File names change when importing and mismatch manifest

Hello,
I seem to have found a bug importing CasavaOneEightLanelessPerSampleDirFm format data.
I found a workaround, but thought you should be aware of the bug so it can be fixed.

My original sample names are in this format:
eDNA468_S1_R2_001.fastq.gz
eDNA469_S2_R1_001.fastq.gz
eDNA469_S2_R2_001.fastq.gz
eDNA470_S3_R1_001.fastq.gz

I was able to import them with this code:

qiime tools import
–type ‘SampleData[PairedEndSequencesWithQuality]’
–input-path PATH
–input-format CasavaOneEightLanelessPerSampleDirFmt
–output-path ARTIFACT.qza

The import works, but if I try to do anything downstream I get an error.
I then noticed that after import, within the .qza artifact data, all of the filenames have been renamed with a lane number inserted.
For example:
eDNA468_S1_R2_001.fastq.gz becomes eDNA468_S1_L001_R2_001.fastq.gz upon import

In the manifest file all of the filenames are the same as they were originally
For example: eDNA468,eDNA468_S1_R2_001.fastq.gz,reverse

Thus there is a mismatch between the sample names and the manifest withing the .qza artifact.

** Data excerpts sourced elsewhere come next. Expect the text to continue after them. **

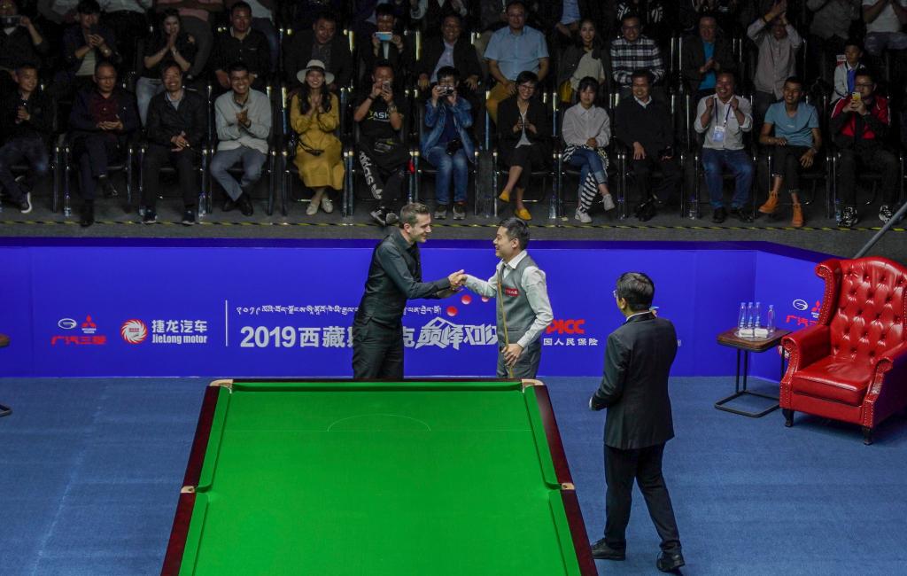 2019西藏斯诺克巅峰对决比赛中,塞尔比(左一)祝贺丁俊晖单杆打出147的满分。新华社记者 晋美多吉 摄
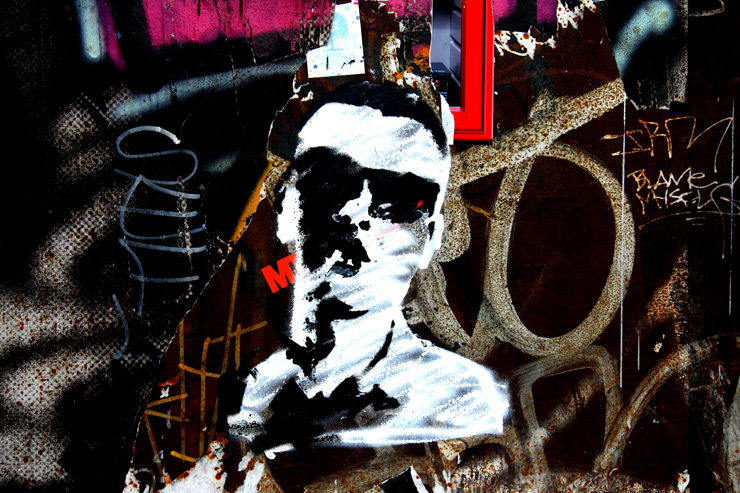 Most people these days know of a stenciled rat as being a Banksy thing, that too could be blamed on the media in general.  I too am a fan of Banksy’s work, back before you had to either stand in a line to get a print or pray you win the lottery that goes into acquiring one these days.  The reason for all the people taking pictures is the hype that surrounds his pieces, most of these “photographers” would not even look twice at other graffiti that could accompany the wall, that could very well be a known graffiti legend.  I tend to look at some of the photographers taking shots to say they have actually seen a piece in person and the other half are going to upload photos to create a new set of coffee mugs and mouse pads to be sold on Ebay.  The “Guess Who?” on the wall was a comment on various headlines and such you constantly see.  For every 10 articles of “OMG new Banksy on wall in such and such”, turns out only about 1 is real.  Almost anything stenciled on a wall these days will have some amateur journalist drumming up web hits by just putting Banksy’s name in a title.  That is my personal opinion and reason for the piece.” ~ Enomeks
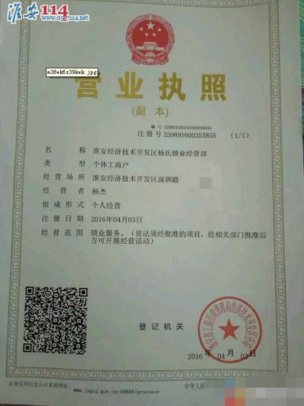 淮安百姓網(wǎng)關(guān)鍵詞:淮安開鎖,楊氏開鎖、換鎖、修鎖,工商注冊,公安備案

If I change the sample names in the manifest file to match the changed sample names manually (by adding the lane # L001 to each sample). I can get all of the downstream analyses to run fine.

It would be nice however, if the bug was fixed so that the sample names are not changed upon import when importing in this format.

Thanks

2 Likes

Hey there @Trodgers, this is definitely a bug, thanks for reporting! I will write up a github issue some time next week, keep an eye on this post for more details. In the meantime, using a manifest format would be the recommended work-around, and doesn’t involve you mucking around with system internals.

I’ve created an issue to track this:

Thanks again @Trodgers!